1. The method for identifying and rejecting abnormal data is characterized by comprising the following steps:

s3, establishing a basic model, importing a training data set for optimization training, and obtaining an optimal abnormal data set; the method specifically comprises the following steps:

s32, importing a normal data set and an abnormal data set into a basic model, and obtaining a prediction result of each data, wherein the set of the prediction results is expressed as Y=phi (X), and Y= { (mu) ₁ ，ν ₁ )，(μ ₂ ，ν ₂ )，...，(μ _n ，ν _n ) -wherein u and v are the prediction probability value and the prediction label, respectively;

S35, traversing the abnormal data set D _s Setting a penalty weight threshold z, deleting the penalty weight epsilon _i Abnormal data sample of > z, update D after deletion _s And the total number of abnormal samples m;

s36, judging abnormal data set D _s Whether the abnormal data set is optimal or not, if so, the abnormal data set D below _s As the optimal abnormal data set, entering into S4, otherwise returning to S34;

2. The method of recognizing and removing abnormal data according to claim 1, wherein S1 includes:

s11, training data set D is represented as d= { (x) ₁ ，y ₁ )，(x ₂ ，y ₂ )，...，(x _n ，y _n ) Each set of attributes of training dataset D is noted asWhere n is the number of datasets, k is the number of attributes, x _i For each piece of data, y _i A label corresponding to the label;

s12, calculating attribute weight W in X _x ＝{w _x ¹ ，w _x ² ，...，w _x ^k -w is _x ^k For each attribute in XIs expressed as +.>Wherein V is an attribute->Is used to determine the number of possible values of V,dividing D results in V branch nodes, wherein the V-th branch node comprises all of the attribute values of D as +.>Is denoted as D ^v 。

3. The method of recognizing and removing abnormal data according to claim 2, wherein S2 includes:

s21, establishing a binary tree set based on attribute weights, selecting J attributes according to the attribute weights of X, and using each attribute in the J attributesEstablishing a binary Tree _t Its attribute weight is equal to W _x W of (3) _x ⁱ Correspondingly, randomly select one +>Values of (2)As Root of the binary tree _t The binary Tree _t Left and right subtrees pressGeneration of-> Is attribute ofMinimum value->For attribute->Filter (x) is the filter function and q is x in the dataset D _i In attribute->The value of (i.e.)>Is->Putting a left subtree, otherwise putting a right subtree, completing the establishment of the binary Tree in a recursion manner to generate J binary trees, and forming a binary Tree set F= { Tree based on attribute weight ₁ ，Tree ₂ ，...，Tree _J }；

Each piece of data in S22, DTraversing the binary tree in F and calculating x _i At the depth h, x of each binary tree _i At the binary Tree _j Is h×w _x ^k Denoted as s _j ；

4. The method of recognizing and eliminating abnormal data according to claim 1, wherein in S36, the number of iterations N of the basic model Φ is set to 50, and the abnormal data set D is judged according to whether the number of iterations of updating the abnormal data set of the basic model is greater than 50 _s Whether it is an optimal abnormal data set.

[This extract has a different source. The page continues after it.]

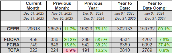 For the full year 2025, everything was up: TCPA (+.8%), FDCPA (+7.8%) and FCRA (+37.4%), while CFPB complaints against creditors and debt collectors almost doubled, increasing from over 159k in 2024 to over 302k in 2025.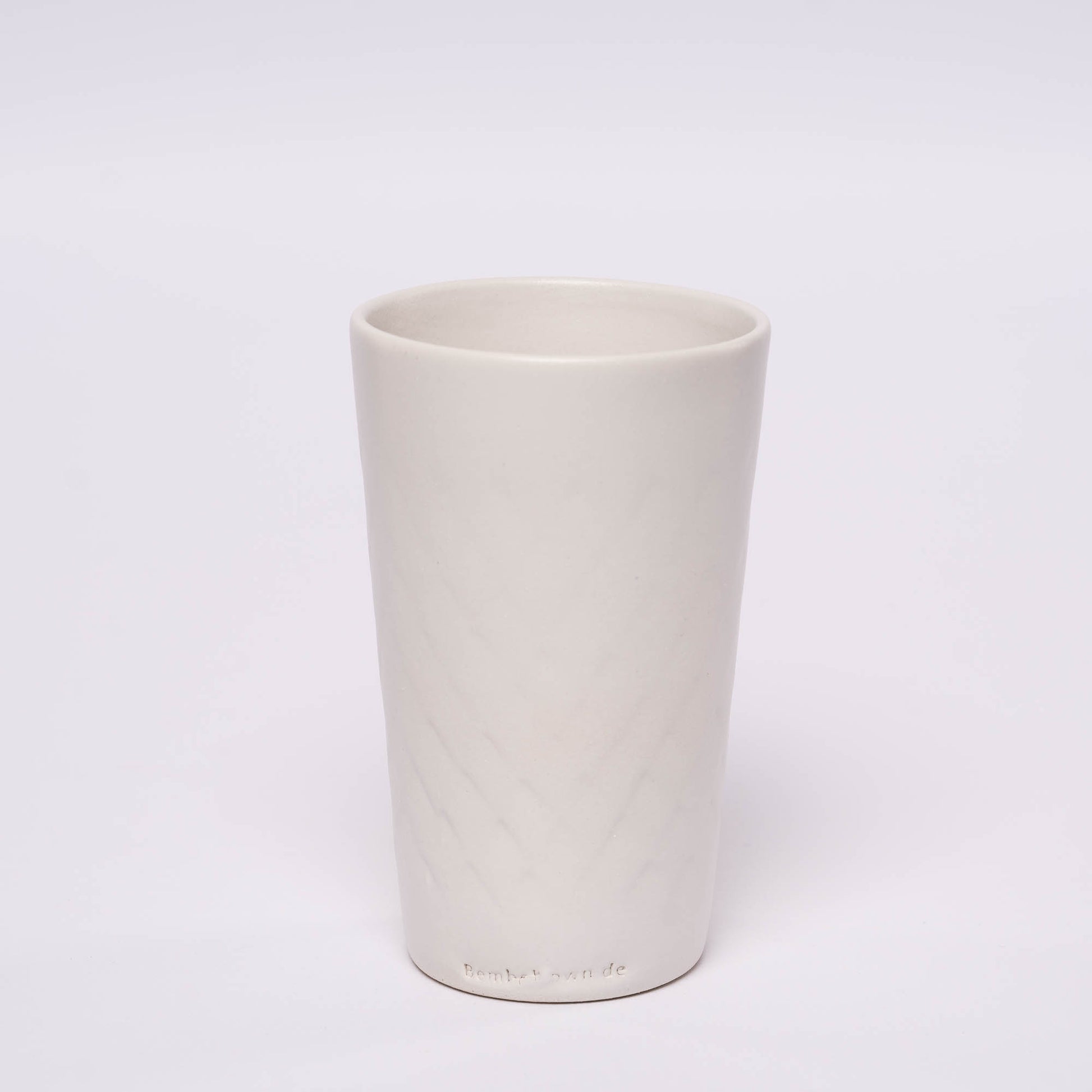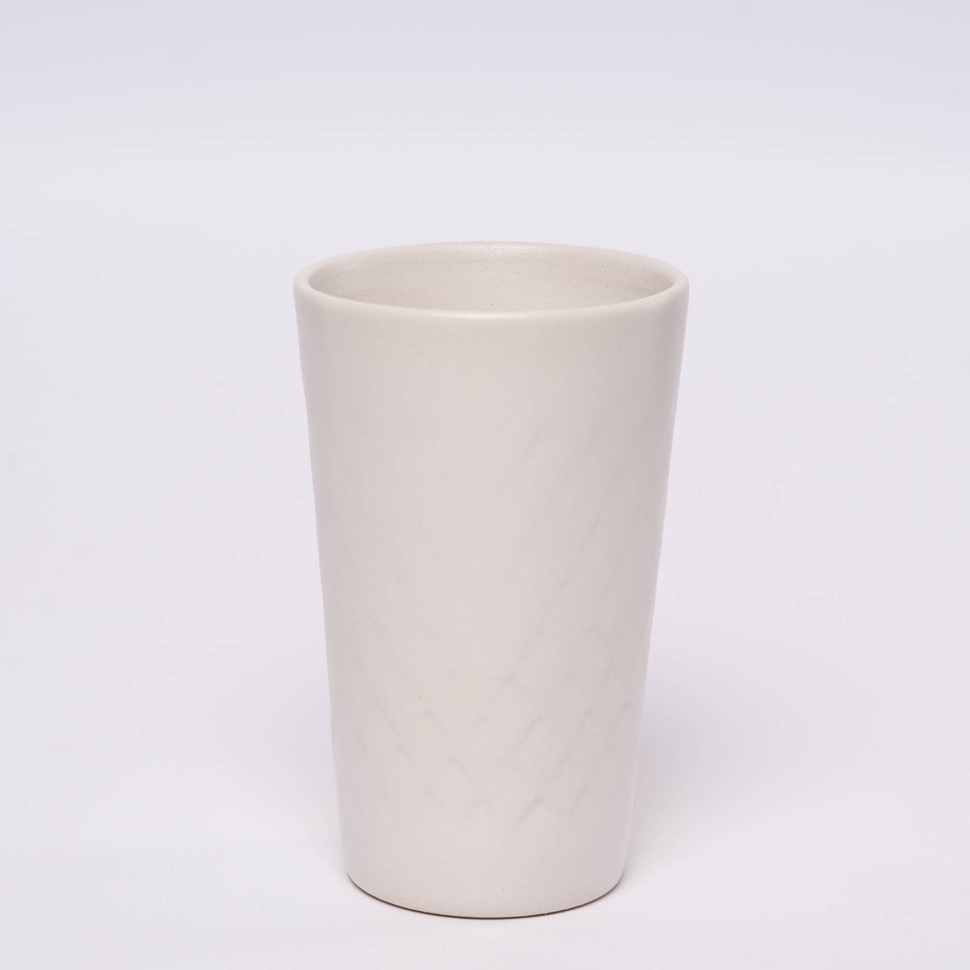 Der original Frankfurter Äppelwoibecher in weiß matt, aus hochwertigem Steinzeug. Alle Apfelweinbecher sind rundum mit dem klassischen Rautenmuster versehen.

5. The method for recognizing and eliminating abnormal data according to claim 1, wherein the penalty weight threshold z is 0.9, the threshold κ is 0.8, and the number T is 50.

6. The method of recognizing and eliminating abnormal data according to claim 3, wherein in S21, the first J attributes are selected by sorting from large to small attribute weight values of X.